What you need to do –
In your copy, leave out the pictures and repeat every record exactly.

[Extracted records]
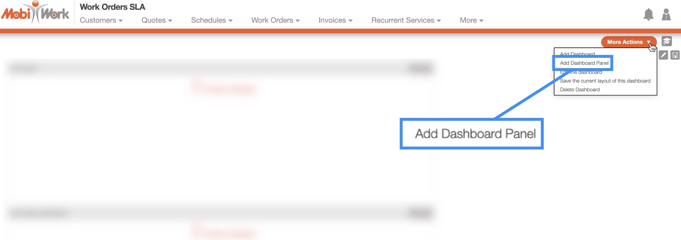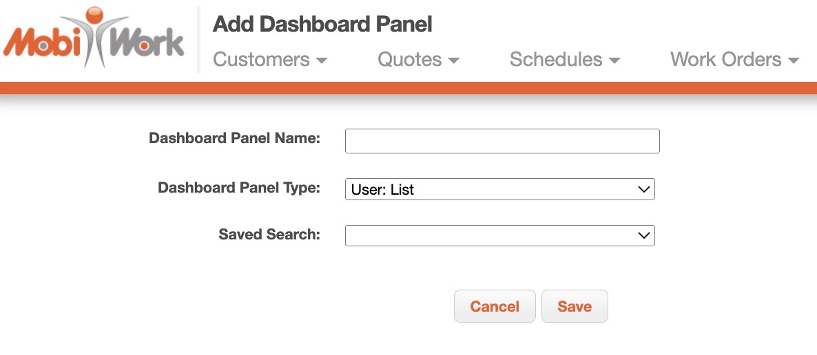 Once you add a new dashboard, you can populate it with dashboard panels. Dashboard panels will display data from the specified MobiWork features.
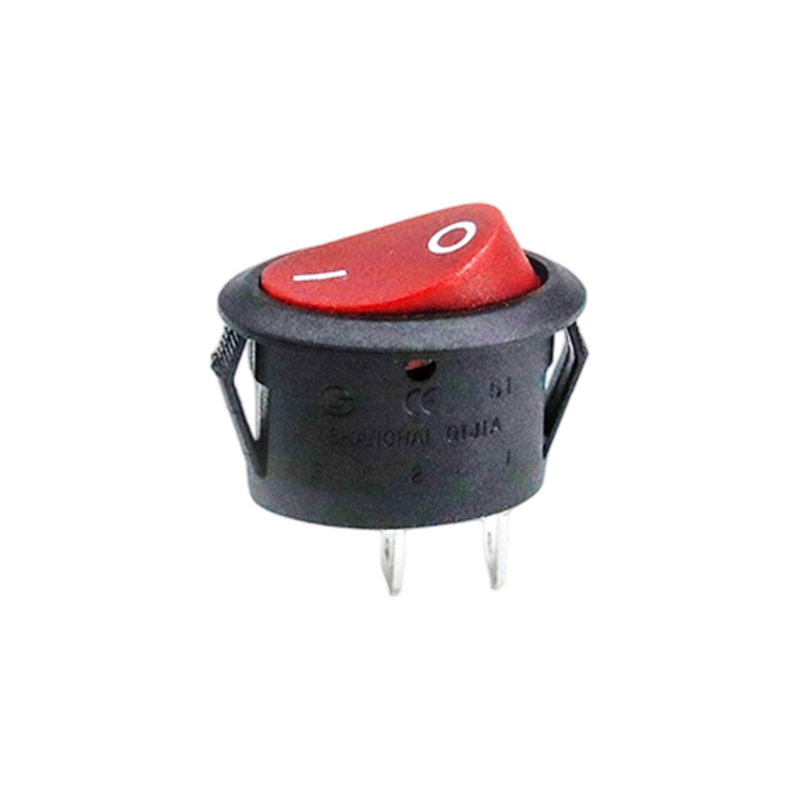 Comutatorul basculant cu trei pini R13-51 este proiectat cu o carcasă rotundă compactă, ideală pentru utilizare în aplicații cu spațiu limitat, cum ar fi aparatele electronice și panourile de control. Designul său prezintă un capac roșu al actuatorului cu marcaje clare „|/O”, permițând operarea intuitivă de pornire/oprire și identificarea stării. Designul de montare încorporat permite o instalare sigură și ușoară a panoului.
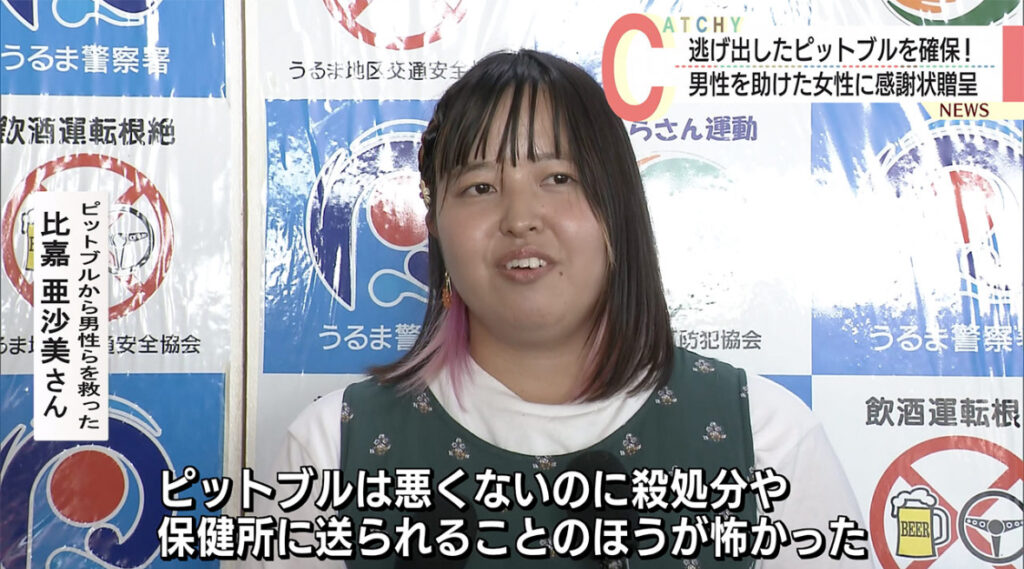 【お手柄】ピットブルに追われていた高齢男性救う 25歳女性に感謝状 沖縄
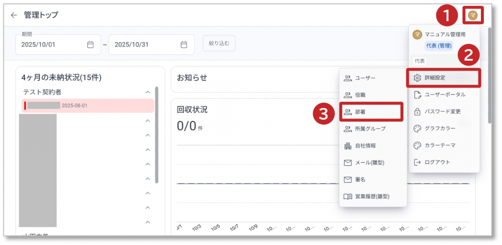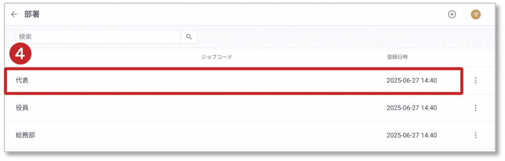 ③ 表示されたメニューの「部署」をクリックして部署画面を表示します。
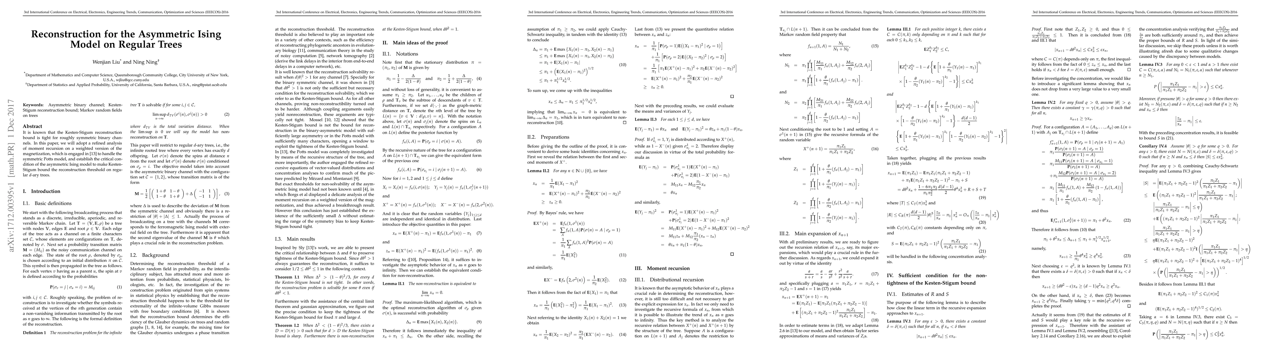 This paper establishes a critical condition for the asymmetric Ising model on regular d-ary trees, proving that Kesten-Stigum bound is the reconstruction threshold under certain conditions.
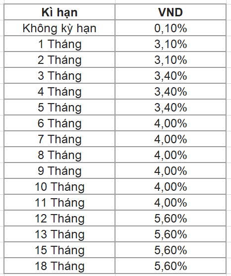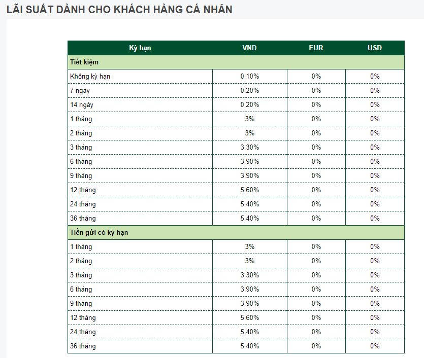 Đối với khách hàng cá nhân, lãi suất tiết kiệm và lãi suất tiền gửi có kỳ hạn giao động trong khoảng từ 3%/năm đến 5,6%/năm. Khung lãi suất này triển khai cho các khoản tiền gửi tại kỳ hạn từ 1 tháng đến 36 tháng lĩnh lãi cuối kỳ. So sánh với tháng trước, lãi suất giảm 0,1 - 0,3 điểm % tại nhiều kỳ hạn.
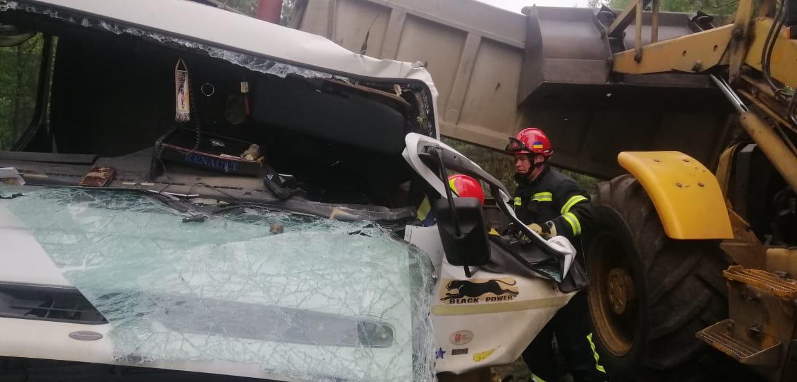 На спецлінію “101” надійшло повідомлення, що поблизу села Деражне Рівненського району під час розвантаження напівпричіп упав на кабіну вантажного авто Renault Premium, в якій перебував водій. На жаль водій загинув.
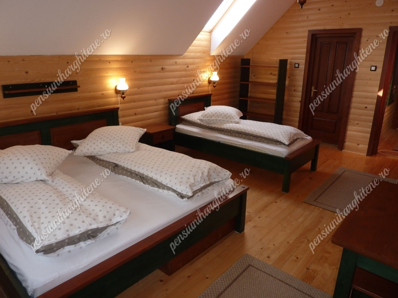 · egy szoba franciaággyal, egy egyszemélyes ággyal és pótággyal.
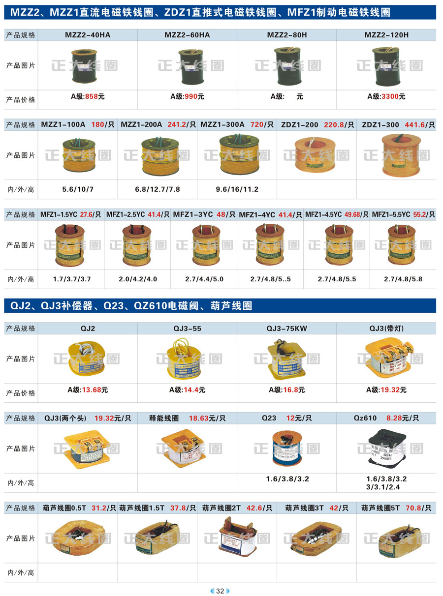 MZZ2、MZZ1直流电磁铁线圈、MZD1直推式电磁铁线圈、MFZ1制动电磁铁线圈、QJ2、QJ3补偿器、Q23、QZ610电磁阀、葫芦线圈 ↩
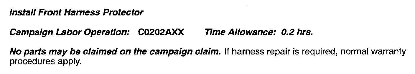 FRONT HARNESS SAFETY RECALL CAMPAIGN
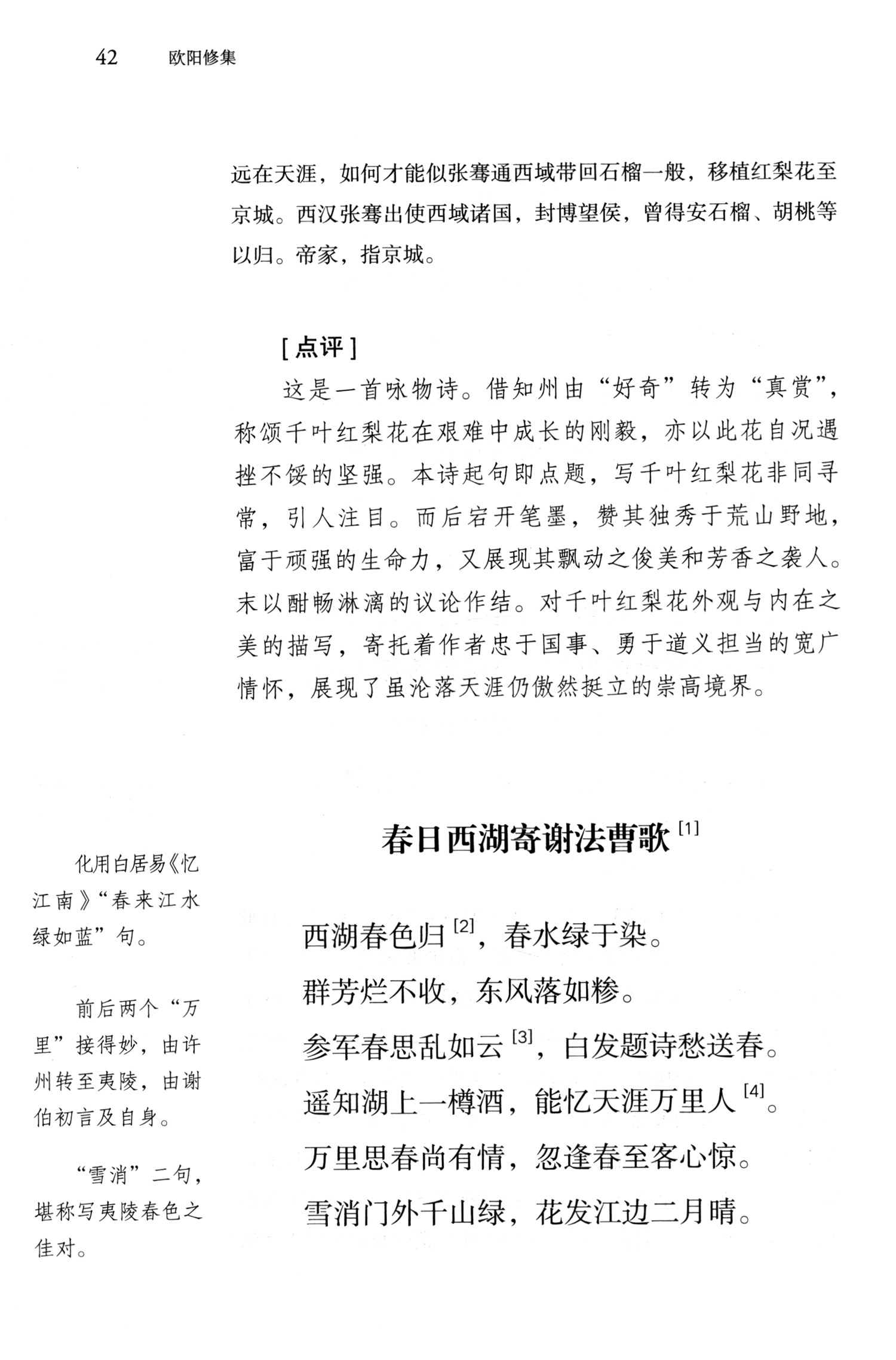 《欧阳修集-中华传统文化百部经典》精选了欧阳修的诗、词、文,并设“导读”“注释”“点评”三个栏目加以诠释。导读居该书之首,主要介绍作者生平、成书过程、主要内容、历史地位、时代价值等,行文力求准确平实。注释部分解释字词、注明难字读音,串讲句子大意,务求简明扼要。点评包括篇末评和旁批两种形式。篇末评撮述原典要旨,标以“点评”,旁批萃取思想精华,印于书页一侧,力求要言不烦,雅俗共赏。
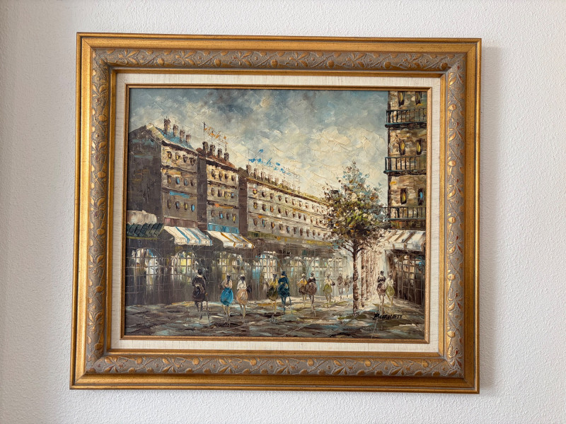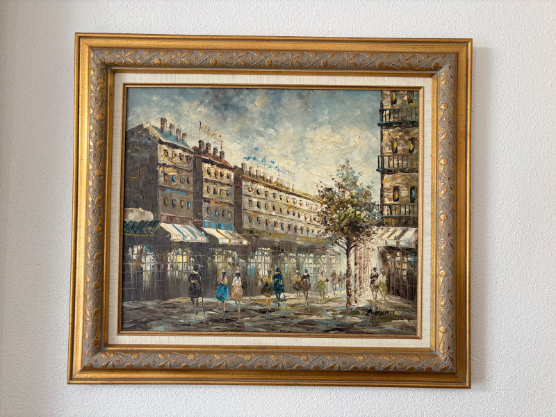 Bennett Original Oil Painting Paris Street, Signed.
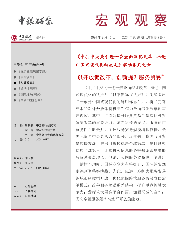 【中国银行】【20240813】《中共中央关于进一步全面深化改革,推进中国式现代化的决定》解读系列之六:以开放促改革,创新提升服务贸易-13页
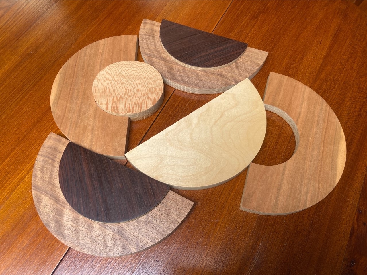 Différentes essences de bois (étable, sycomore, noyer, palissandre des Indes, platane et merisier)
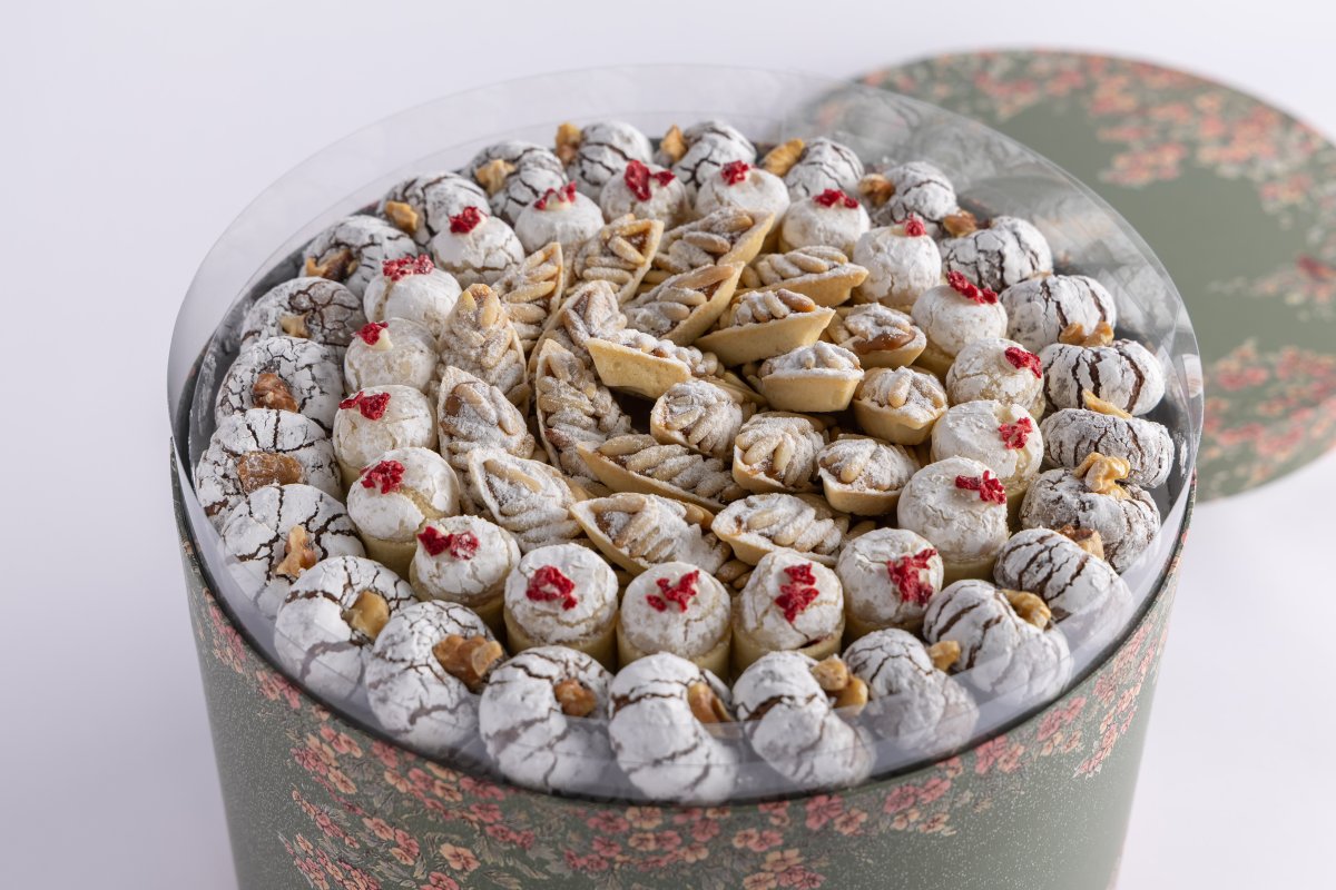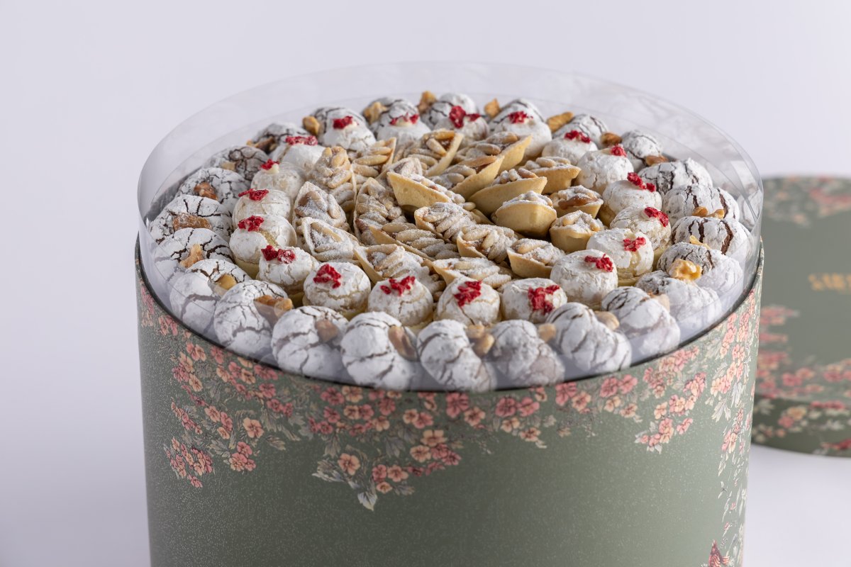 علبه حلويات عربيه متنوعه-نقشه كلاسيك صينيه لون اخضر

Final answer –
 Once you add a new dashboard, you can populate it with dashboard panels. Dashboard panels will display data from the specified MobiWork features.
 Comutatorul basculant cu trei pini R13-51 este proiectat cu o carcasă rotundă compactă, ideală pentru utilizare în aplicații cu spațiu limitat, cum ar fi aparatele electronice și panourile de control. Designul său prezintă un capac roșu al actuatorului cu marcaje clare „|/O”, permițând operarea intuitivă de pornire/oprire și identificarea stării. Designul de montare încorporat permite o instalare sigură și ușoară a panoului.
 【お手柄】ピットブルに追われていた高齢男性救う 25歳女性に感謝状 沖縄
 ③ 表示されたメニューの「部署」をクリックして部署画面を表示します。
 This paper establishes a critical condition for the asymmetric Ising model on regular d-ary trees, proving that Kesten-Stigum bound is the reconstruction threshold under certain conditions.
 Đối với khách hàng cá nhân, lãi suất tiết kiệm và lãi suất tiền gửi có kỳ hạn giao động trong khoảng từ 3%/năm đến 5,6%/năm. Khung lãi suất này triển khai cho các khoản tiền gửi tại kỳ hạn từ 1 tháng đến 36 tháng lĩnh lãi cuối kỳ. So sánh với tháng trước, lãi suất giảm 0,1 - 0,3 điểm % tại nhiều kỳ hạn.
 На спецлінію “101” надійшло повідомлення, що поблизу села Деражне Рівненського району під час розвантаження напівпричіп упав на кабіну вантажного авто Renault Premium, в якій перебував водій. На жаль водій загинув.
 · egy szoba franciaággyal, egy egyszemélyes ággyal és pótággyal.
 MZZ2、MZZ1直流电磁铁线圈、MZD1直推式电磁铁线圈、MFZ1制动电磁铁线圈、QJ2、QJ3补偿器、Q23、QZ610电磁阀、葫芦线圈 ↩
 FRONT HARNESS SAFETY RECALL CAMPAIGN
 《欧阳修集-中华传统文化百部经典》精选了欧阳修的诗、词、文,并设“导读”“注释”“点评”三个栏目加以诠释。导读居该书之首,主要介绍作者生平、成书过程、主要内容、历史地位、时代价值等,行文力求准确平实。注释部分解释字词、注明难字读音,串讲句子大意,务求简明扼要。点评包括篇末评和旁批两种形式。篇末评撮述原典要旨,标以“点评”,旁批萃取思想精华,印于书页一侧,力求要言不烦,雅俗共赏。
 Bennett Original Oil Painting Paris Street, Signed.
 【中国银行】【20240813】《中共中央关于进一步全面深化改革,推进中国式现代化的决定》解读系列之六:以开放促改革,创新提升服务贸易-13页
 Différentes essences de bois (étable, sycomore, noyer, palissandre des Indes, platane et merisier)
 علبه حلويات عربيه متنوعه-نقشه كلاسيك صينيه لون اخضر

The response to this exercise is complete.